++++ SUPPLIED RECORDS
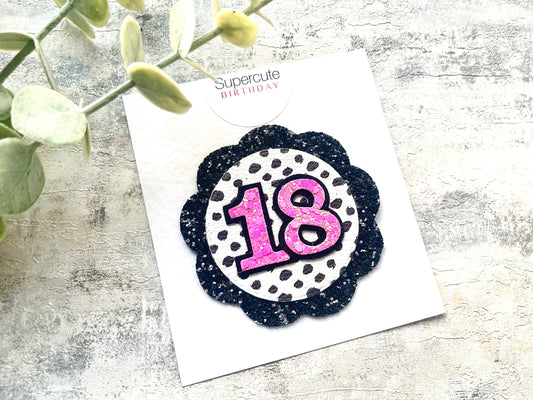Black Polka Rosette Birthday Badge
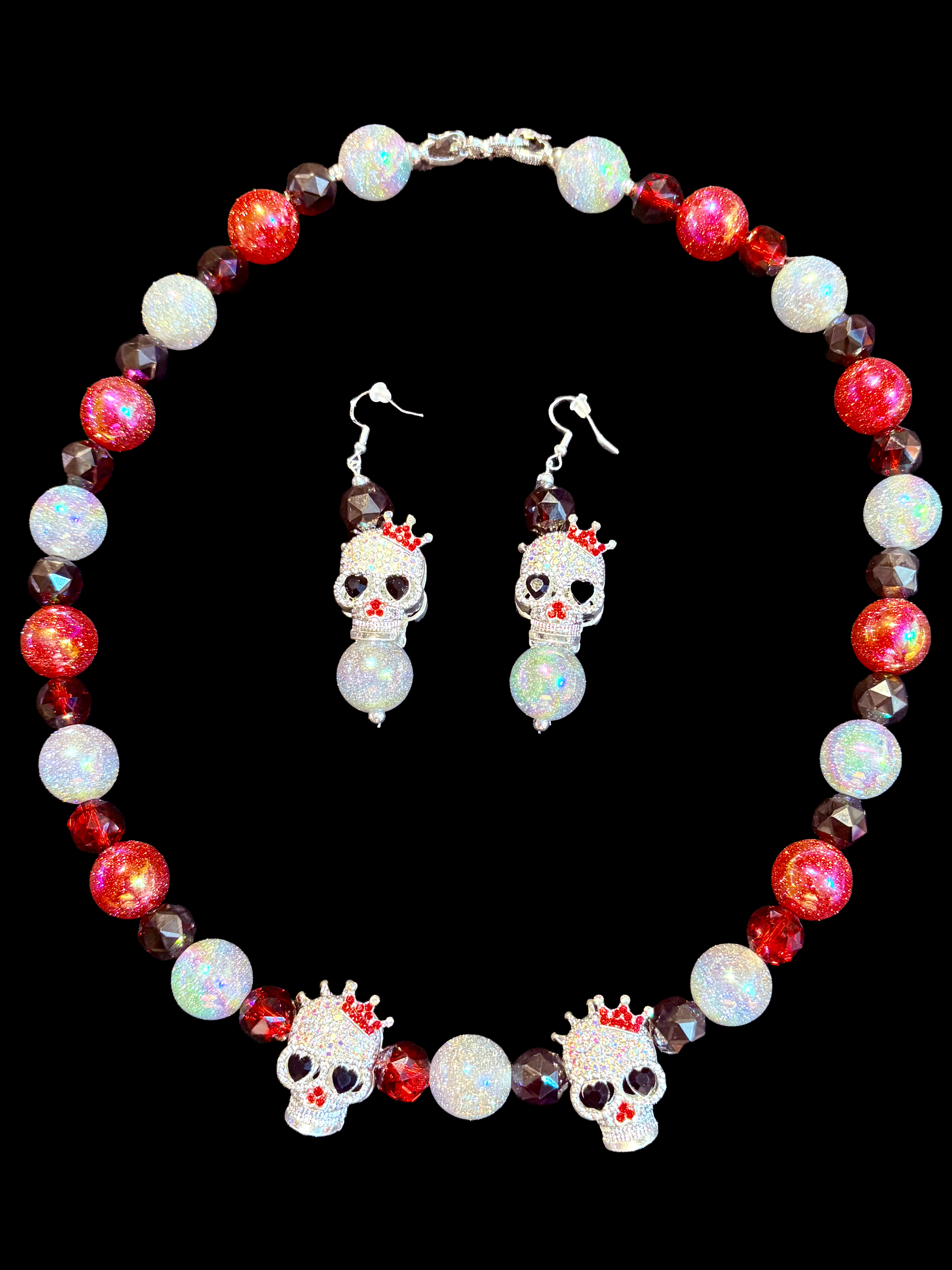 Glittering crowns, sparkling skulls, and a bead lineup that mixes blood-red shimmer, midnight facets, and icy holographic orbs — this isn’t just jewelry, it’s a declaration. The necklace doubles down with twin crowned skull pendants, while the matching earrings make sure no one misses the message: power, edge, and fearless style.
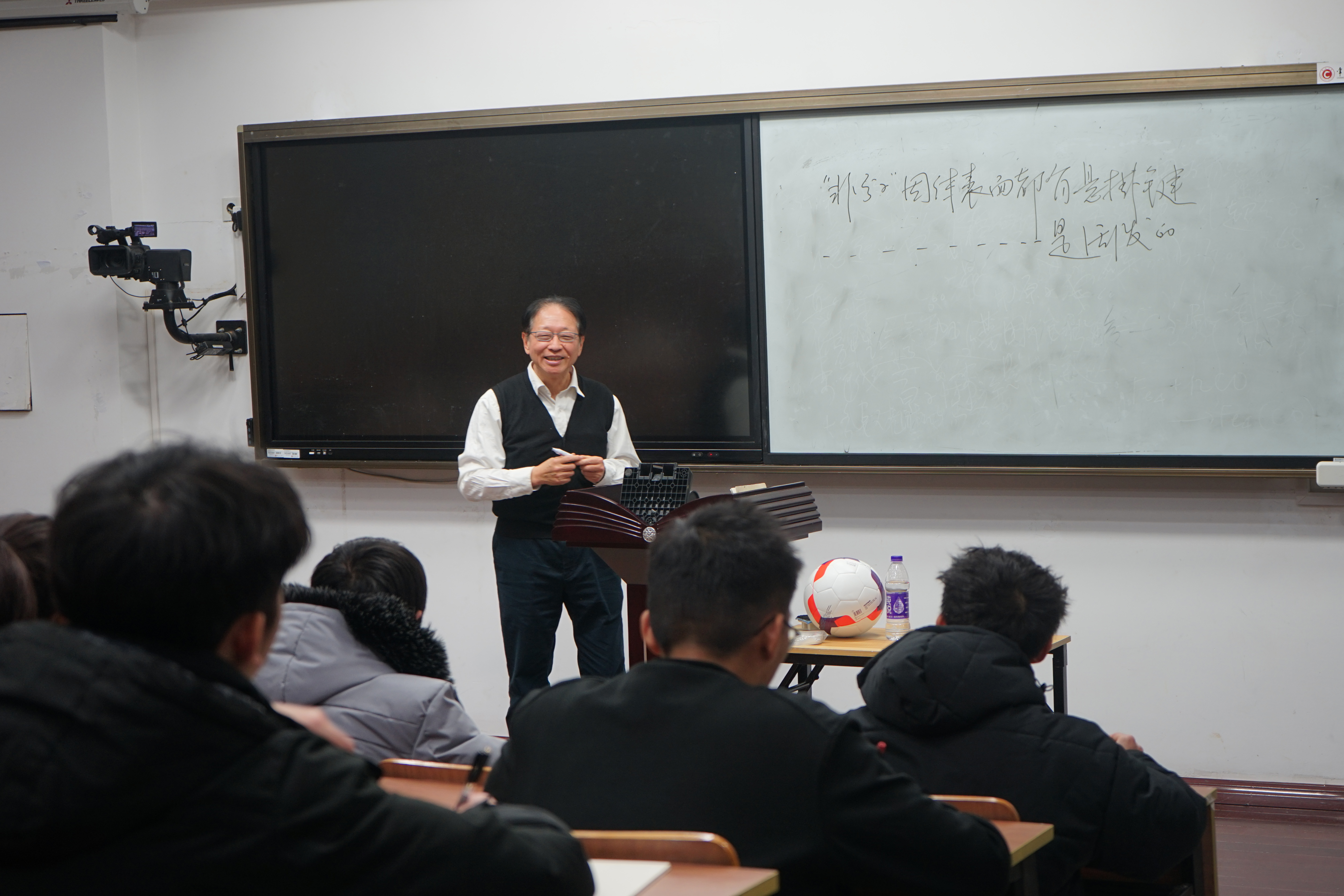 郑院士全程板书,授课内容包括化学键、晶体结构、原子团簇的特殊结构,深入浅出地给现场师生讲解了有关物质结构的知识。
++++++++
++++ SUPPLIED RECORDS
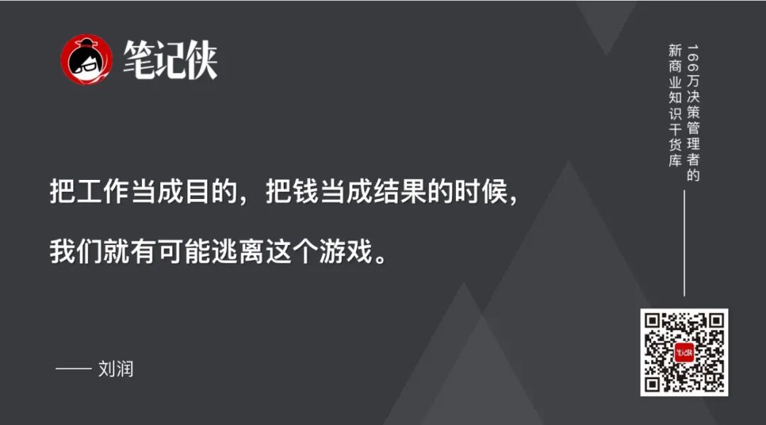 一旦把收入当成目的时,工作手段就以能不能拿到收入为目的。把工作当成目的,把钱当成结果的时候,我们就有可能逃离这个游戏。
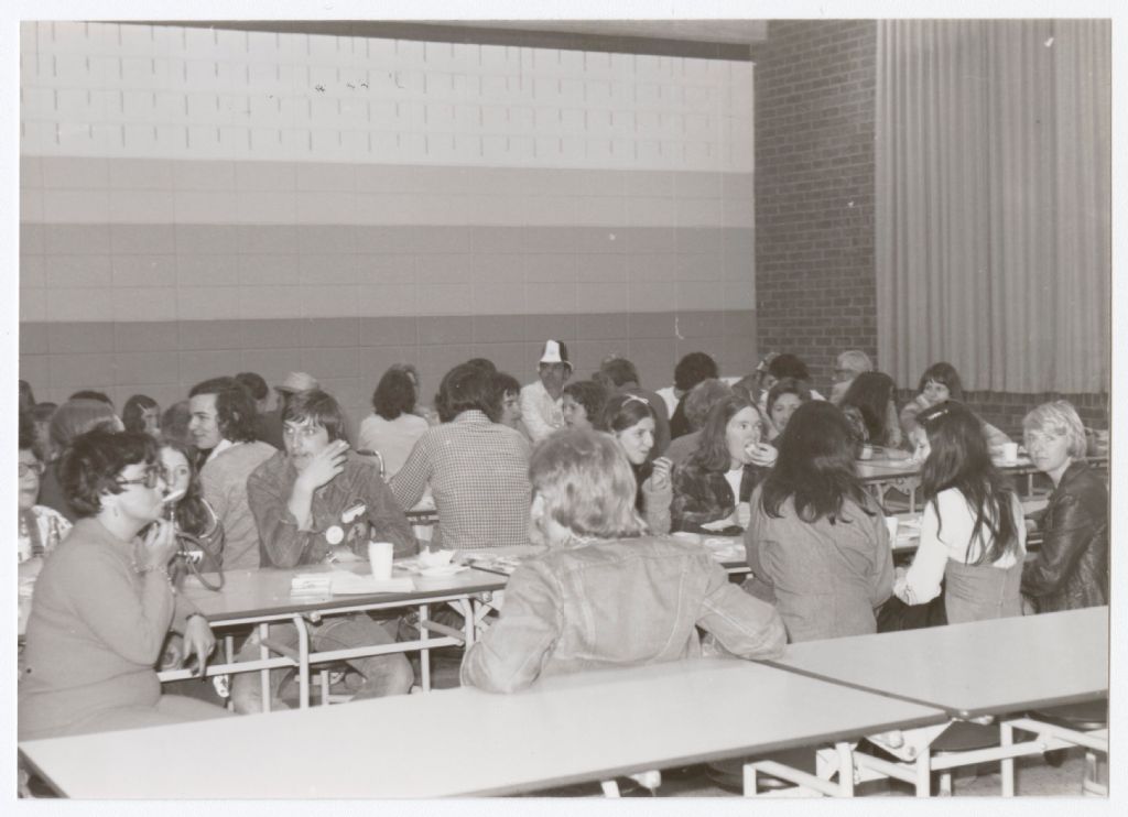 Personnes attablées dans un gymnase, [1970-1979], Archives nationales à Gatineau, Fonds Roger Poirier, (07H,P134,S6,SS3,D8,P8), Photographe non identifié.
++++++++
▶ **DIRECTIONS FOR THIS TASK**:
Copy out exactly the material that runs from the line with "Black Polka Rosette Birthday Badge" to the line with "郑院士全程板书,授课内容包括", ends included, and leave the pictures behind.

▶ **RESULT BELOW**:
Black Polka Rosette Birthday Badge
 Glittering crowns, sparkling skulls, and a bead lineup that mixes blood-red shimmer, midnight facets, and icy holographic orbs — this isn’t just jewelry, it’s a declaration. The necklace doubles down with twin crowned skull pendants, while the matching earrings make sure no one misses the message: power, edge, and fearless style.
 郑院士全程板书,授课内容包括化学键、晶体结构、原子团簇的特殊结构,深入浅出地给现场师生讲解了有关物质结构的知识。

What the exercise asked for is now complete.